Beginning at the line that contains "现场的考古发掘人员告诉记者,他们把现在已" and finishing at the line that contains "水槽の横にフィルターもあり見た目が大変悪かったです。", output the data below exactly. Include both end lines and no pictures.

++++++++++

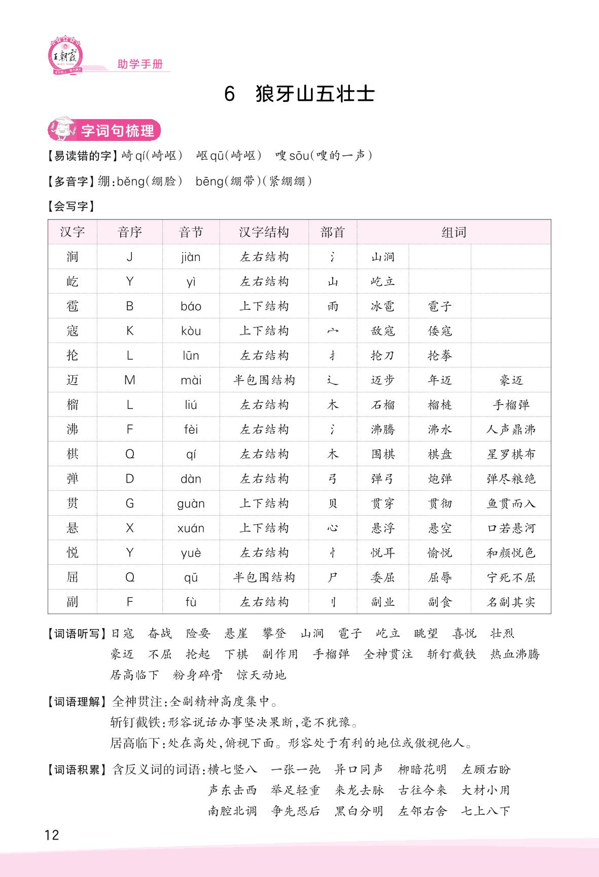 2023上册六年级语文人教版 助学手册 第二单元——6 狼牙山五壮士
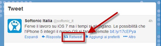 L’etimologia della parola non lascia scampo ai fraintendimenti: il re-tweet è il reinviare o rimandare ai tuoi follower un messaggio scritto da qualcun altro. Il modo più semplice per farlo è cliccare sul pulsante Retweet sotto al testo da inoltrare, ma puoi anche scrivere un nuovo messaggio con lo stesso testo che includa “RT @nomeutente”, il che è anche una menzione…
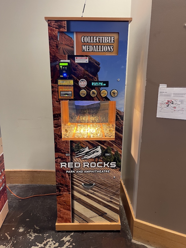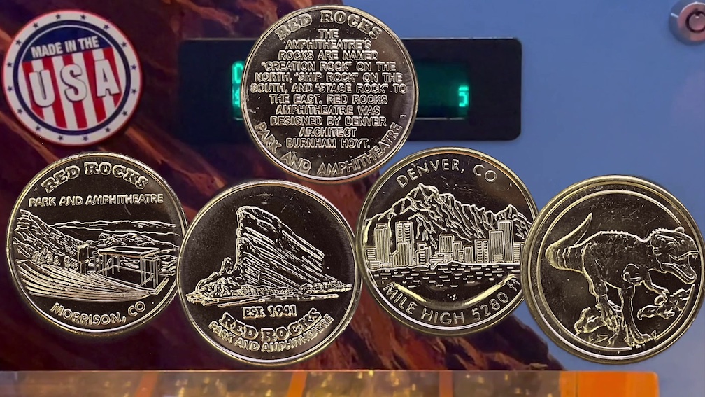 The coins had images of the Amphitheatre, Red Rocks park established 1941, the Denver Skyline, and a ferocious looking T-Rex. The reverse side of all the coins had the same design which had a little description of the Amphitheatre.
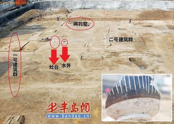 现场的考古发掘人员告诉记者,他们把现在已经发掘出来的两处主要建筑群中,西侧的建筑群称为1号建筑群,东侧的称为2号建筑群,而西侧的1号建筑群保存的相对完整一些,东侧的2号建筑群保存的要稍差一些,但是从这两处建筑群的整体形状看,建筑群的规格也都大致相同,建筑结构也都相似,中间的间隔为20米。两处建筑群紧密地连在一起,在中间形成了一个大院落,在中间院落的空地上还出现了两个窑口,3个灶台口和一个水井。
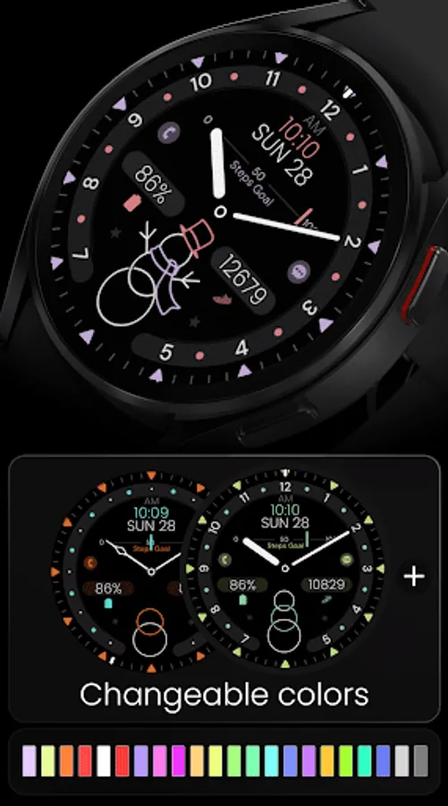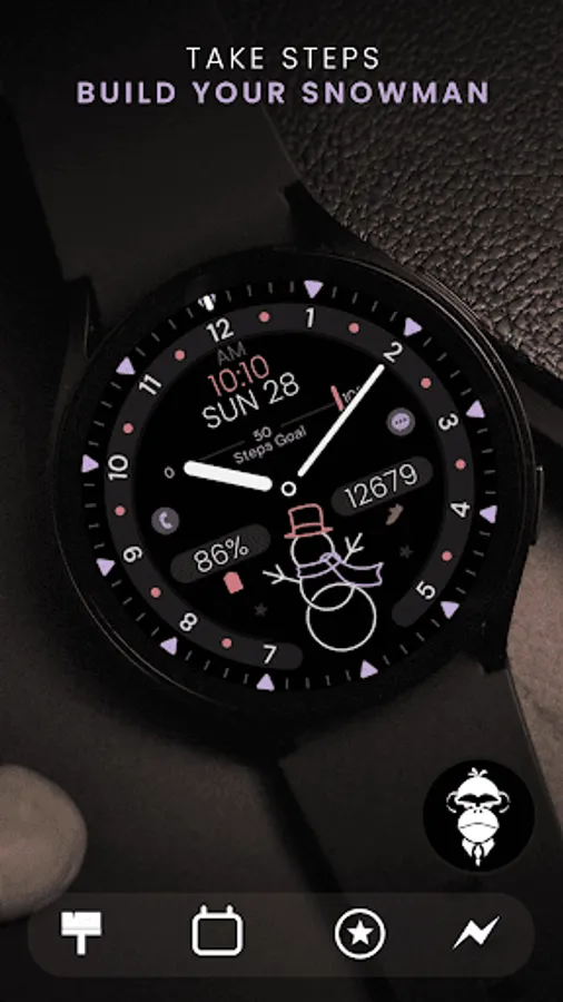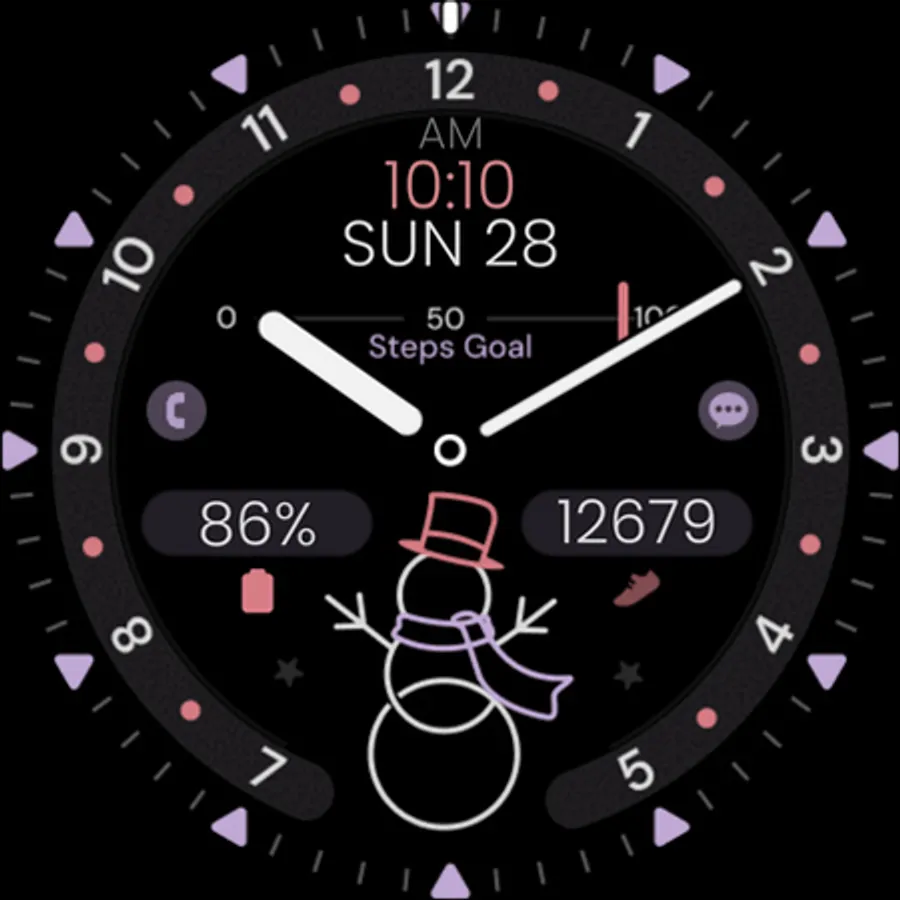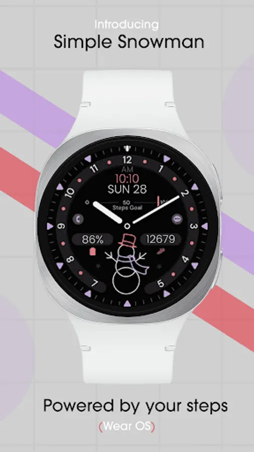 Simple hybrid watch face with a snowman that grows based on your step progress. Designed to motivate movement with a clean, classy layout.
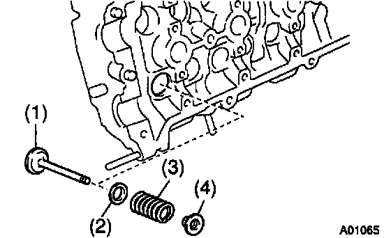 b. Install the valve (1), spring (2), valve spring (3) and spring retainer (4).
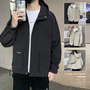 2022春季新款夹克外套男韩版青年连帽休闲工装上衣...
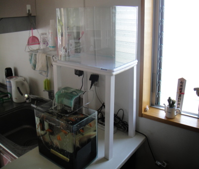 水槽の横にフィルターもあり見た目が大変悪かったです。
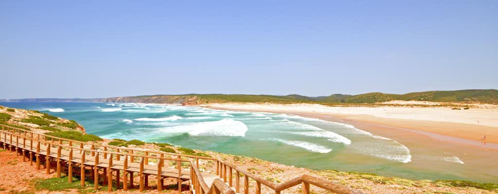 Buchen Sie Ihre Discover Carrapateira Reittour, um sich mit dem cremeweißen Sand und den Dünen zu verbinden und den singenden Vögeln und den Fußabdrücken des Pferdes zu lauschen. Überqueren Sie dann die Dünen und spüren Sie die Kraft des Pferdes, während Sie am Strand entlang reiten, während Sie die atemberaubende Aussicht entlang der Küste bewundern.
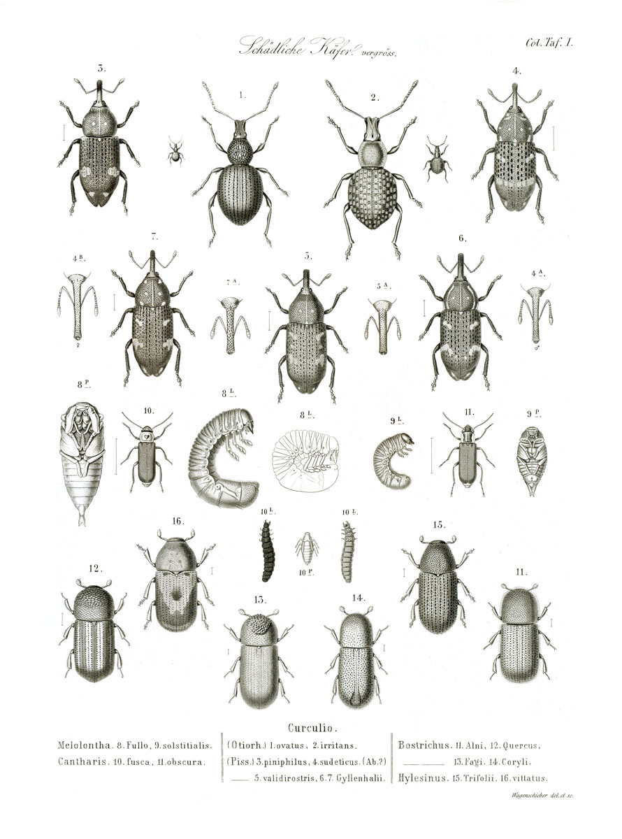 Melolontha fullo; Melolontha solstitialis; Cantharis fusca; Cantharis obscura; Curculio ovatus; Curculio irritans; Curculio piniphilus; Curculio sudeticus; Curculio validirostris; Curculio gyllenhalii; Bostrichus alni; Bostrichus quercus; Bostrichus fagi; Bostrichus coryli; Hylesinus trifolii; Hylesinus vittatus
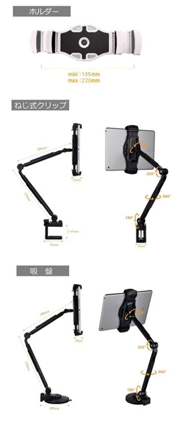 【タブレットアームスタンドS2C】は6箇所の軸をもち、各部にロック機構を備えたアルミ合金製のタブレットアームです。
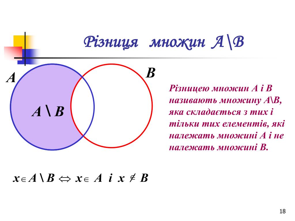 Різниця множин А\В В А Різницею множин А і В називають множину А\В, яка складається з тих і тільки тих елементів, які належать множині А і не належать множині В. А\В х А \В х А і х / В
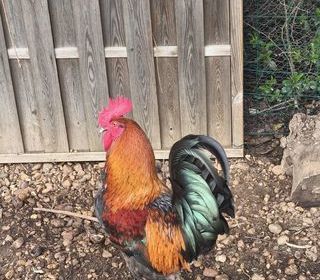 Vends très beau coq aux belles couleurs. Élèv? aux grains et aux restes de repas. Pacifique et élégant.
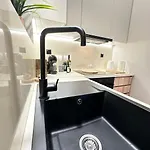 L’alloggio include un angolo cottura attrezzato con una lavastoviglie e un forno.
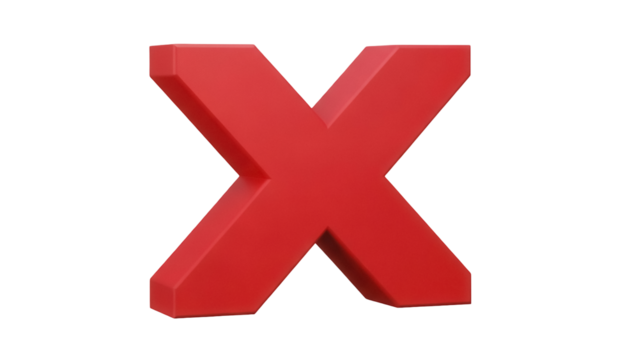 Red 3D cross mark PNG isolated on transparent background, symbol of rejection and error for graphic design and presentations
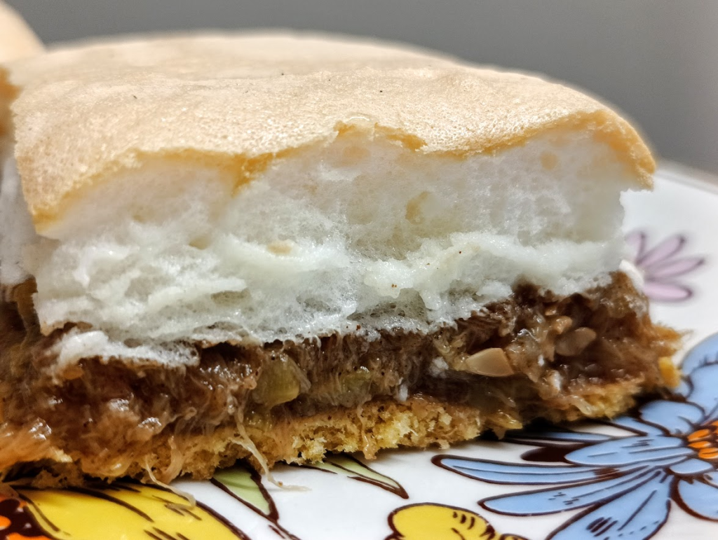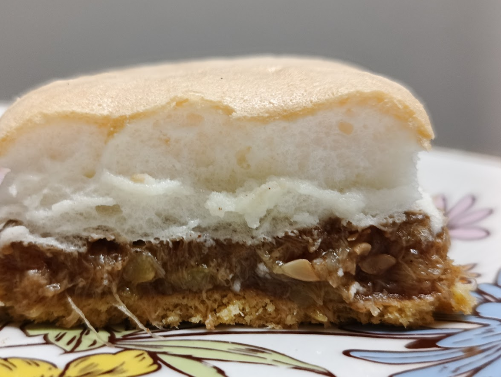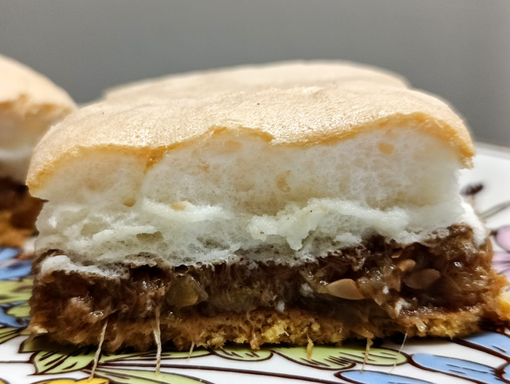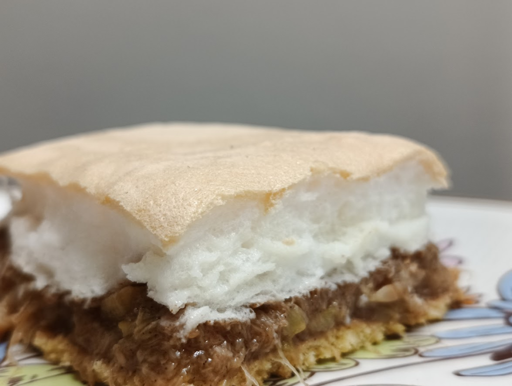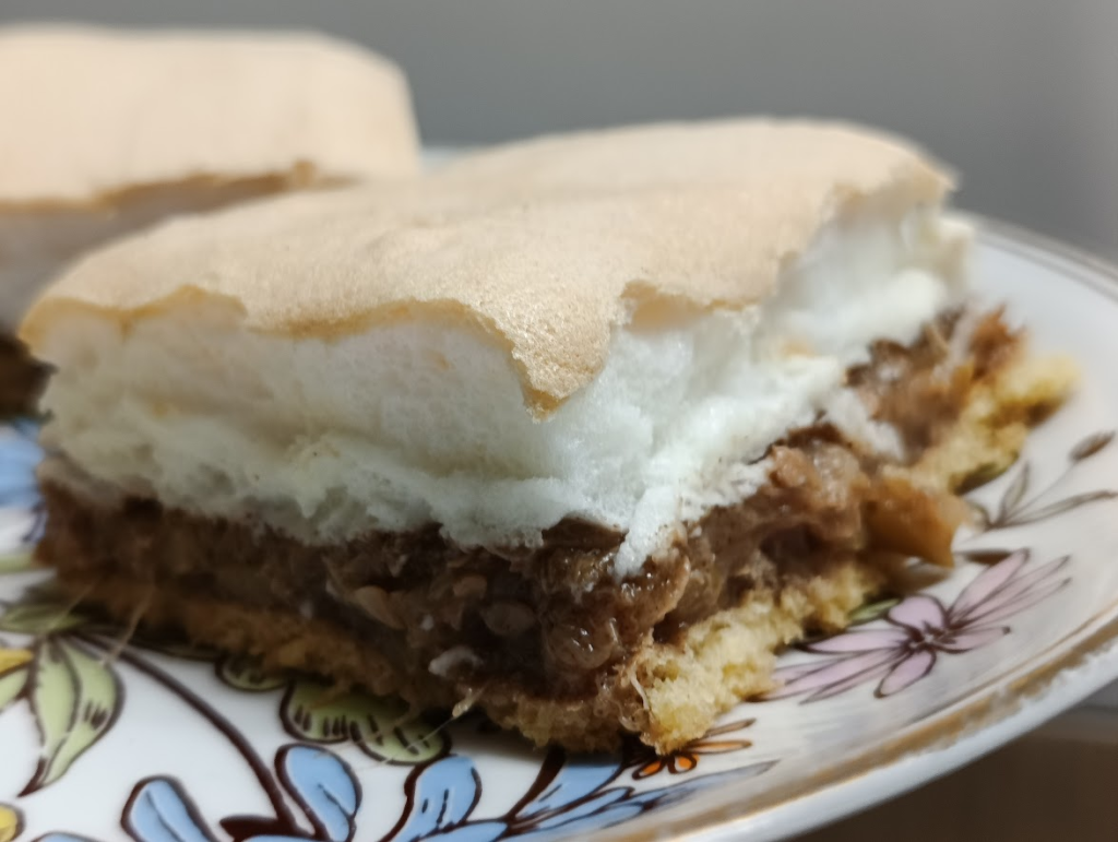 Na gorący spód wyłożyć mus z cukinii, na górę bezę.

++++++++++

Reply to the exercise -
 现场的考古发掘人员告诉记者,他们把现在已经发掘出来的两处主要建筑群中,西侧的建筑群称为1号建筑群,东侧的称为2号建筑群,而西侧的1号建筑群保存的相对完整一些,东侧的2号建筑群保存的要稍差一些,但是从这两处建筑群的整体形状看,建筑群的规格也都大致相同,建筑结构也都相似,中间的间隔为20米。两处建筑群紧密地连在一起,在中间形成了一个大院落,在中间院落的空地上还出现了两个窑口,3个灶台口和一个水井。
 Simple hybrid watch face with a snowman that grows based on your step progress. Designed to motivate movement with a clean, classy layout.
 b. Install the valve (1), spring (2), valve spring (3) and spring retainer (4).
 2022春季新款夹克外套男韩版青年连帽休闲工装上衣...
 水槽の横にフィルターもあり見た目が大変悪かったです。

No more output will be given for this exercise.